And (5) binarizing the image. In order to facilitate subsequent gap detection and classification, the image needs to be binarized. Binarization can convert an image into a black-and-white binary image, so that gaps and a background are more clear. Common binarization methods include global threshold binarization, local adaptive binarization, and the like.
S2, extracting a pavement area from the preprocessed image by using an image processing method, detecting gaps from the extracted pavement area by using an edge detection algorithm, morphological processing and an area growth algorithm in sequence, and extracting features of the gaps withdrawn from detection.
Edge detection may detect gaps by identifying edges in the image. Common edge detection algorithms include Sobel, canny, and the like. By detecting edges in the image, a gap on the road surface can be initially identified.
Morphological treatments may further enhance edges and remove noise by operations such as swelling, corrosion, etc.

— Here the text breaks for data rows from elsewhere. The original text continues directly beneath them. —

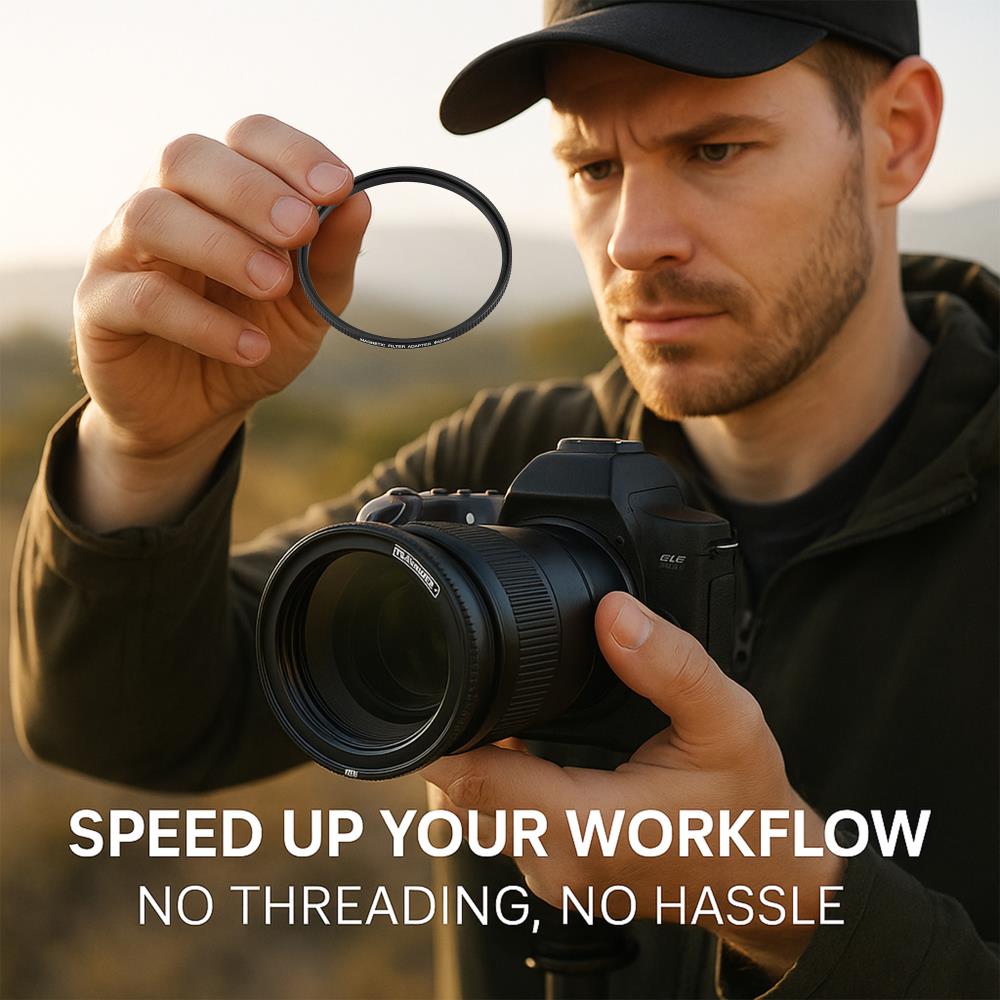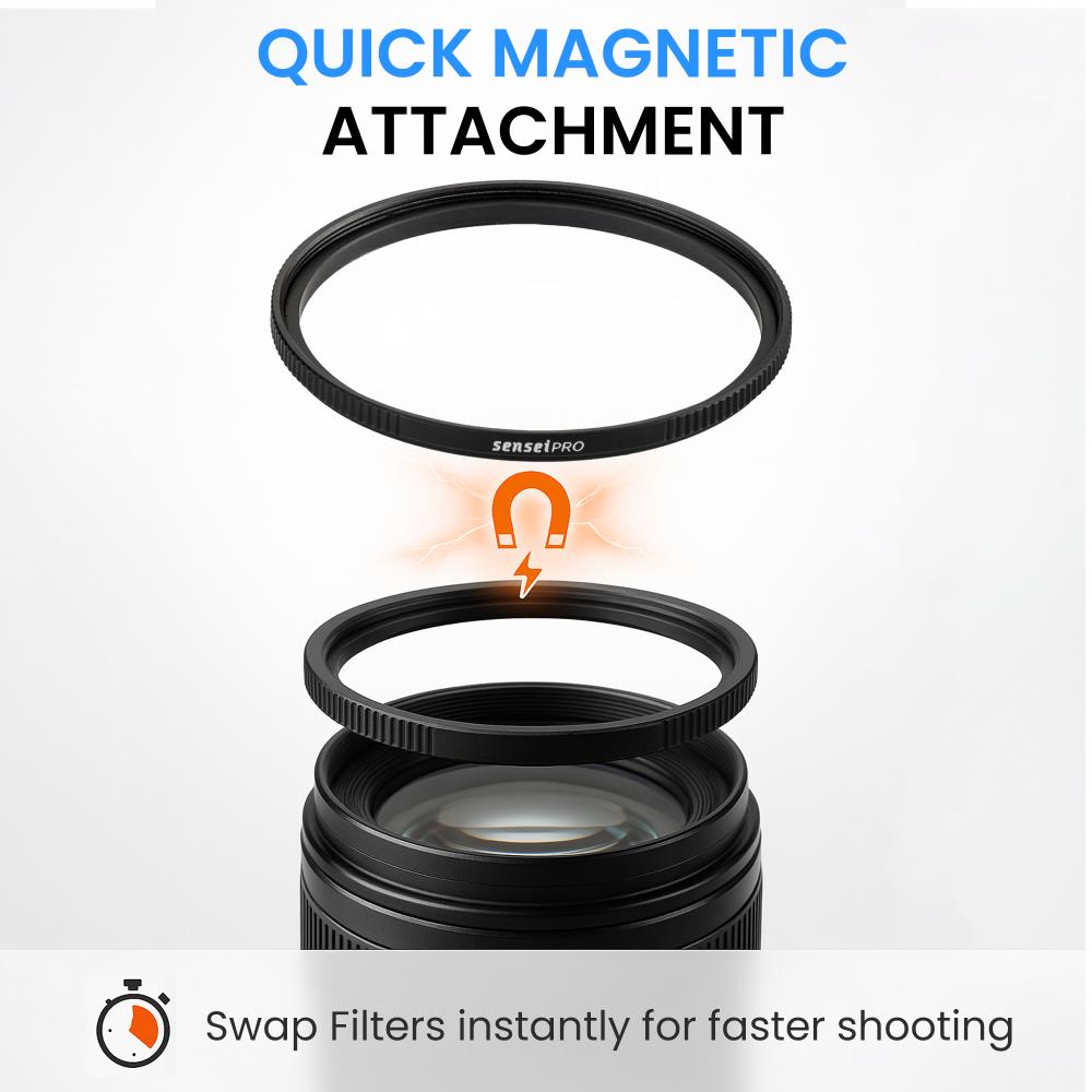 Part of the Sensei Pro Magnetic Filter System, this 67mm Magnetic Filter Adapter Ring is used to quickly attach and remove filters or polarizers without slowing down your photo session workflow. Changing a filter to a polarizer or vice versa is seamless. Connect the adapter ring to any desired filter or polarizer and attach Sensei Pro's Magnetic Lens Adapter Ring to the lens. The filter can then be magnetically attached and removed in seconds.
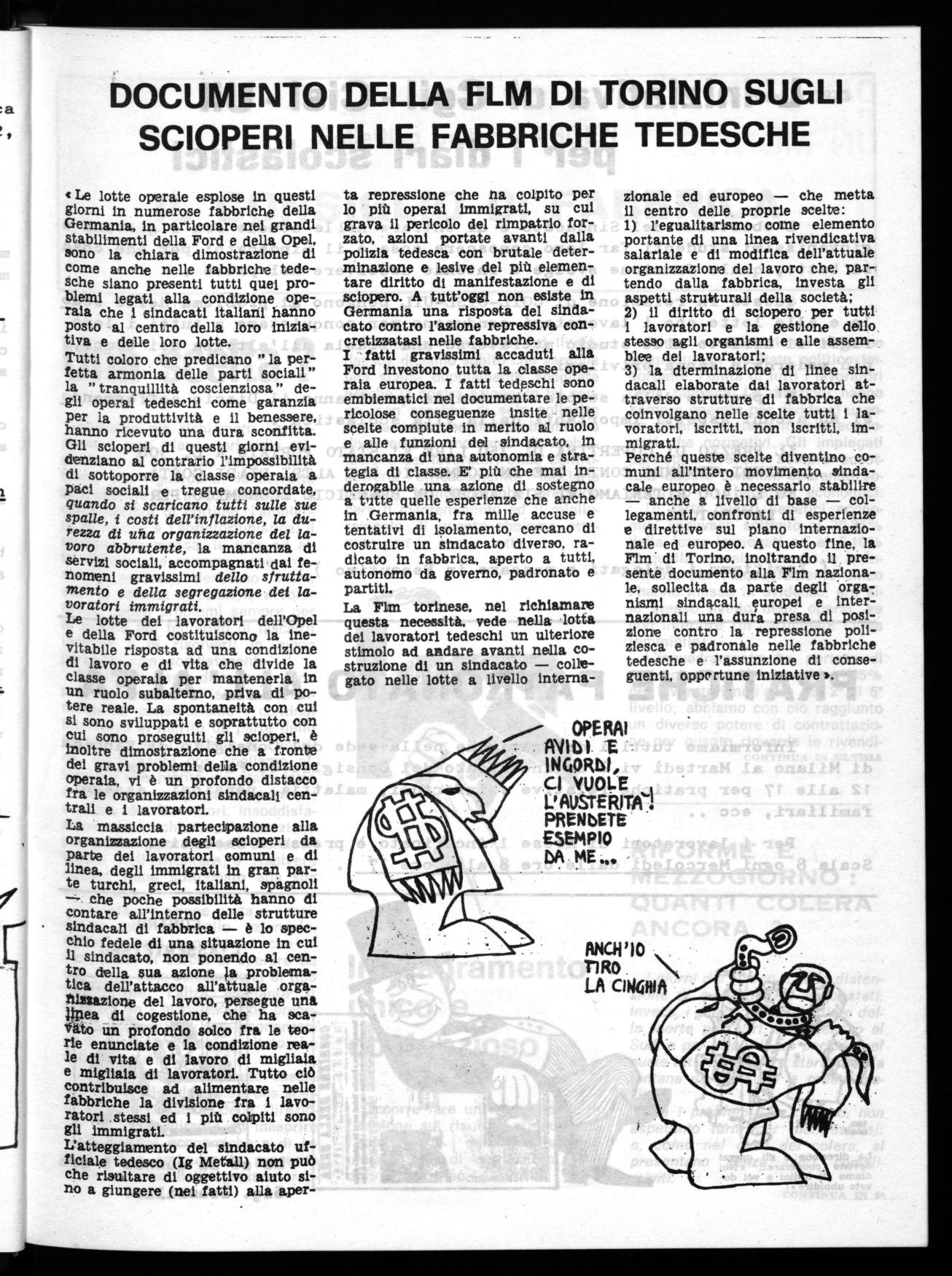 Perché queste scelte diventino comuni all'intero movimento sindacale europeo è necessario stabilire — anche a livello di base — collegamenti, confronti di esperienze e direttive sul piano Internazionale ed europeo. A questo fine, la Flin" di Torino, inoltrando il Presente documento alla Flm nazionale, sollecita da parte degli 'orgenisml sindacali europei e internazionali una dura presa dl posizione contro la repressione poliziesca e padronale nelle fabbriche tedesche e l'assunzione di conseguenti, oppertune iniziative s.
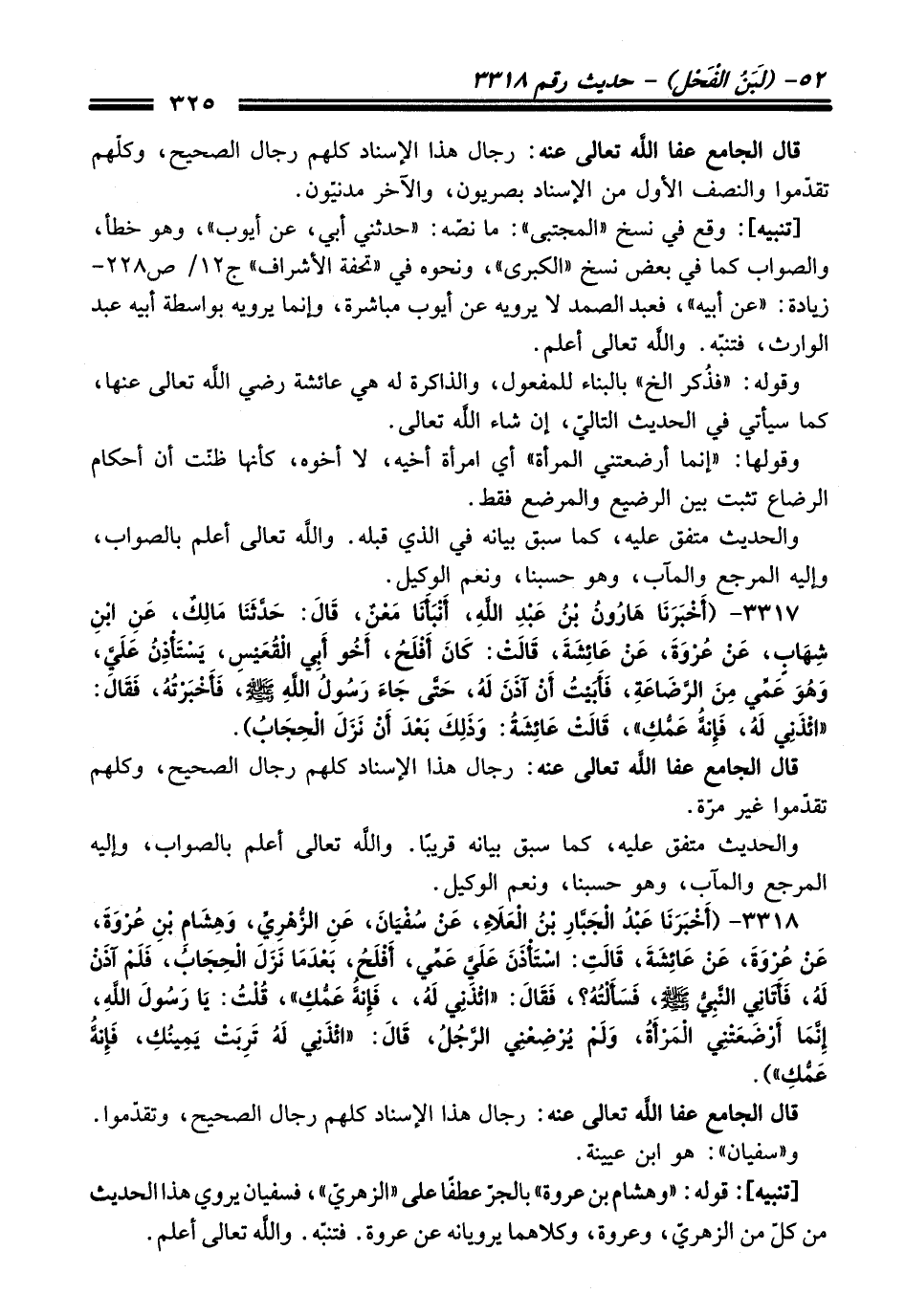 3318 - (أَخْبَرَنَا عَبْدُ الْجَبَّارِ بْنُ الْعَلاَءِ, عَنْ سُفْيَانَ, عَنِ الزُّهْرِيِّ, وَهِشَامِ بْنِ عُرْوَةَ, عَنْ عُرْوَةَ, عَنْ عَائِشَةَ, قَالَتِ: اسْتَأْذَنَ عَلَيَّ عَمِّي, أَفْلَحُ, بَعْدَ مَا نَزَلَ الْحِجَابُ, فَلَمْ آذَنْ لَهُ, فَأَتَانِي النَّبِيُّ - صلى اللَّه عليه وسلم -, فَسَأَلْتُهُ؟ , فَقَالَ: «ائْذَنِي لَهُ, , فَإِنَّهُ عَمُّكِ» , قُلْتُ: يَا رَسُولَ اللهِ, إِنَّمَا أَرْضَعَتْنِي الْمَرْأَةُ, وَلَمْ يُرْضِعْنِي الرَّجُلُ, قَالَ: «ائْذَنِي لَهُ تَرِبَتْ يَمِينُكِ, فَإِنَّهُ عَمُّكِ»).
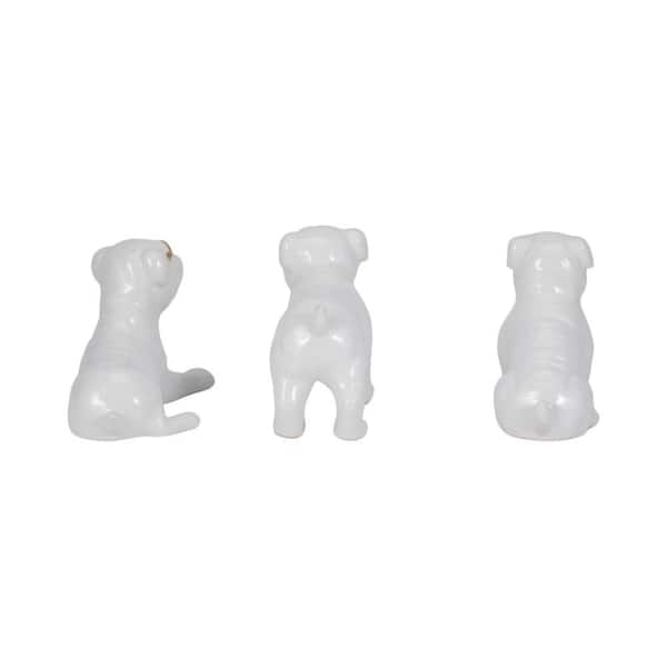 White 7 in. x 6 in. Stoneware Pugs with Sunglasses Figurines (Set of 3)
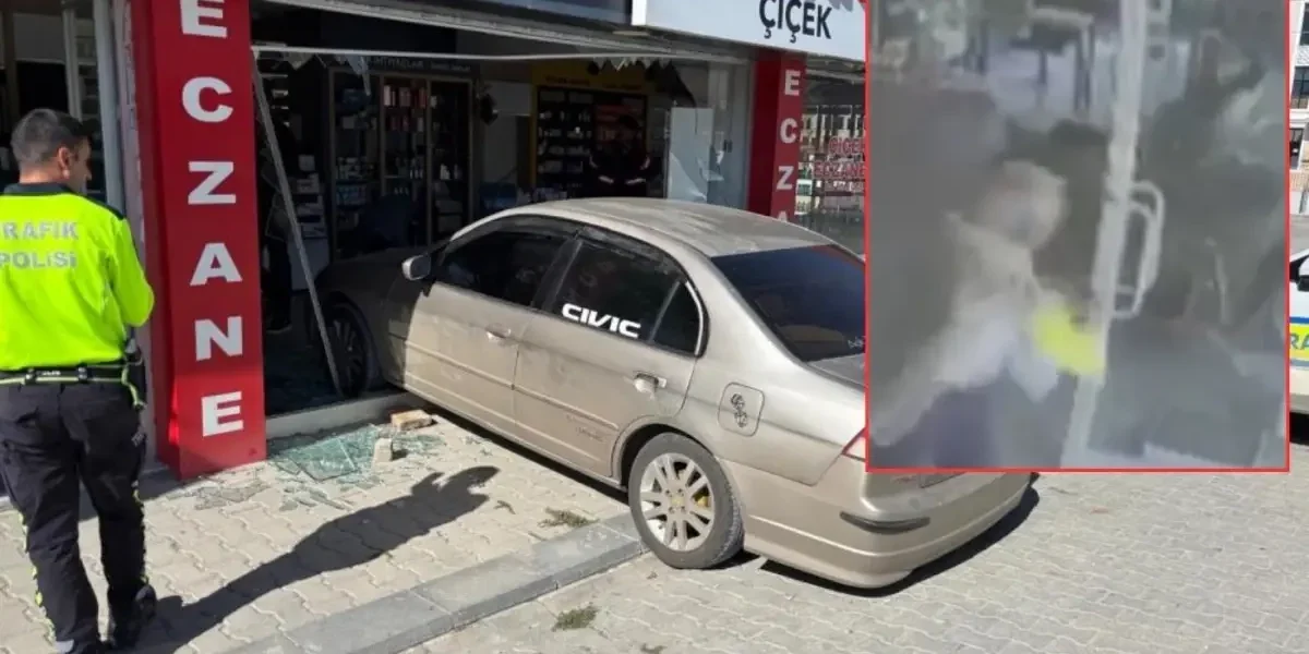 Otomobil Eczaneye Girdi: Şans Eseri Kimse Yaralanmadı
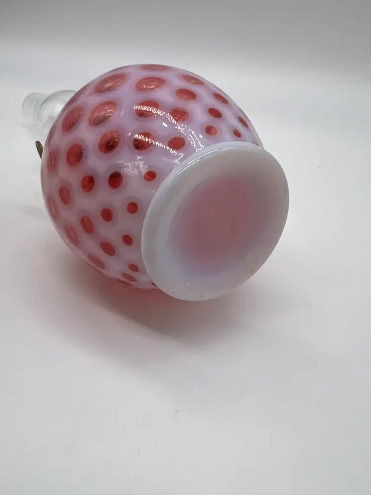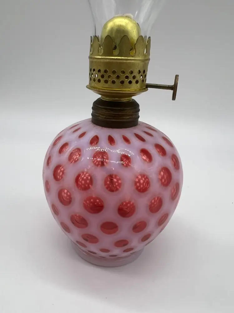 This exquisite Fenton Cranberry Opalescent Glass Coin Dot Mini Miniature Oil Lamp is a stunning example of craftsmanship. The rich cranberry coloration combined with the opalescent finish creates a beautiful visual effect, making it a perfect addition to any collection or home decor.
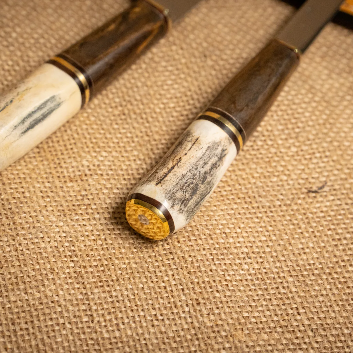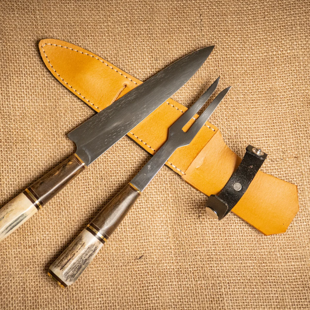 Juego de Cuchillo y Tenedor Modelo M. La combinación perfecta de funcionalidad y elegancia para el ritual del asado. Este set cuenta con piezas de acero inoxidable 420 de 18 cm de largo de hoja, alcanzando un largo total de 30 cm. Su diseño equilibrado garantiza un corte preciso y un manejo cómodo en todo momento, convirtiéndolo en el aliado ideal para el parrillero. El conjunto se presenta con una vaina de cuero legítimo de alta calidad, diseñada para mantener ambas piezas protegidas y facilitar su transporte. Este modelo se puede personalizar con un grabado exclusivo; para realizarlo, no dudes en consultarnos. Al ser un producto artesanal, las texturas y tonos de los materiales naturales garantizan que cada juego sea único. Si no cumple con tus expectativas, podés realizar el cambio por cualquier otro artículo.
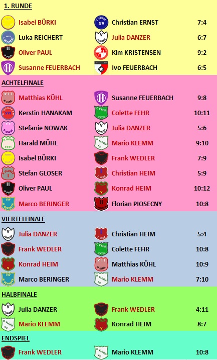 Sieg (100,00) - Finale (75,00) - Halbfinale (50,00) - Viertelfinale (25,00) - Achtelfinale (10,00) - 1. Runde (5,00)
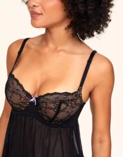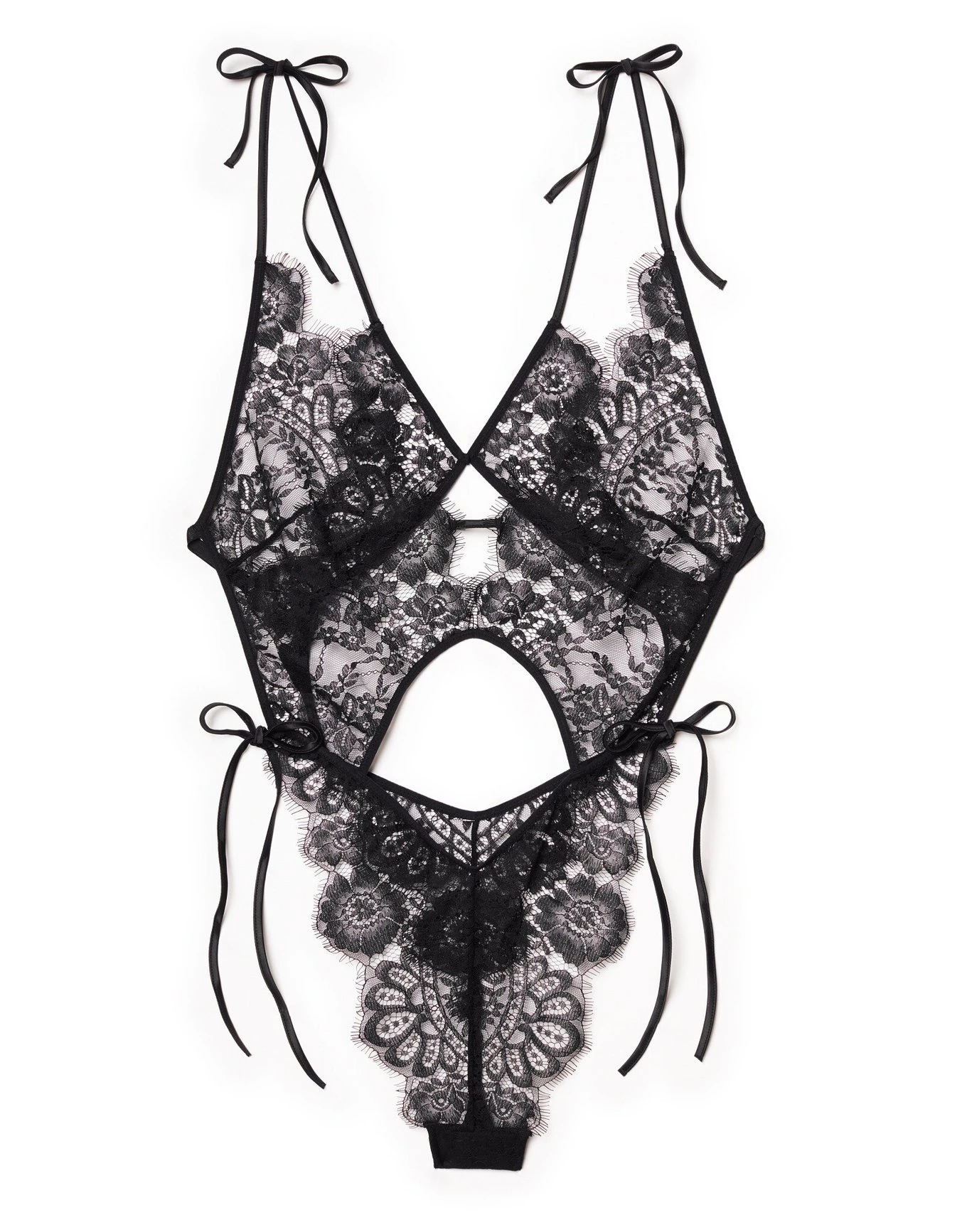 Glam and bold, this lace bodysuit has a plunging neckline and a dramatic plunge back. With functional side ties at the waistline and butterfly straps, this black lingerie is ready for anything. (Available in sizes XS-XL.)

The operations can enhance the contrast of the gap, remove some irrelevant details and improve the accuracy of gap detection.
The region growing algorithm is a pixel-based segmentation method that can segment an image into different regions according to the similarity between pixels. In gap detection, a seed pixel may be defined and then adjacent pixels identified by region growing, thereby forming a complete gap.
The extracted slit features include: position information, length information, width information, and direction information of the slit. The position information of the gap, i.e. the position information of the gap in the road surface area, includes an abscissa and an ordinate. From the position information, the relative and absolute positions of the slit on the road surface can be determined. The length information of the gap, namely the pixel length from the starting point to the end point of the gap, can be used for judging the length of the gap and provides basis for subsequent classification and analysis. The width information of the gap, namely the width of the pixels in the vertical direction of the gap, can be used for judging the width of the gap, and provides basis for subsequent classification and analysis. The direction information of the gap, namely the direction angle of the gap, can be used for judging the direction of the gap and provides basis for subsequent classification and analysis.
S3, marking the preprocessed image based on the gap feature extraction result, and training a deep learning model Unet++ by using the marked image, wherein the specific operation comprises the following steps:
firstly, manually marking the preprocessed image based on a feature extraction result;
then, dividing the marked image into a training set and a testing set, wherein the marking result of the training set comprises all categories of gaps;
then training the deep learning model Unet++ by using the training set, testing the trained deep learning model Unet++ by using unlabeled images corresponding to the testing set, comparing the labeled result of the testing set with the output result of the deep learning model Unet++,
if the test qualification rate of the deep learning model Unet++ exceeds the set threshold, outputting the deep learning model Unet++ for the step S4,
if the test qualification rate of the deep learning model Unet++ does not exceed the set threshold value, the sample number of the training set is enlarged, and the deep learning model Unet++ is retrained.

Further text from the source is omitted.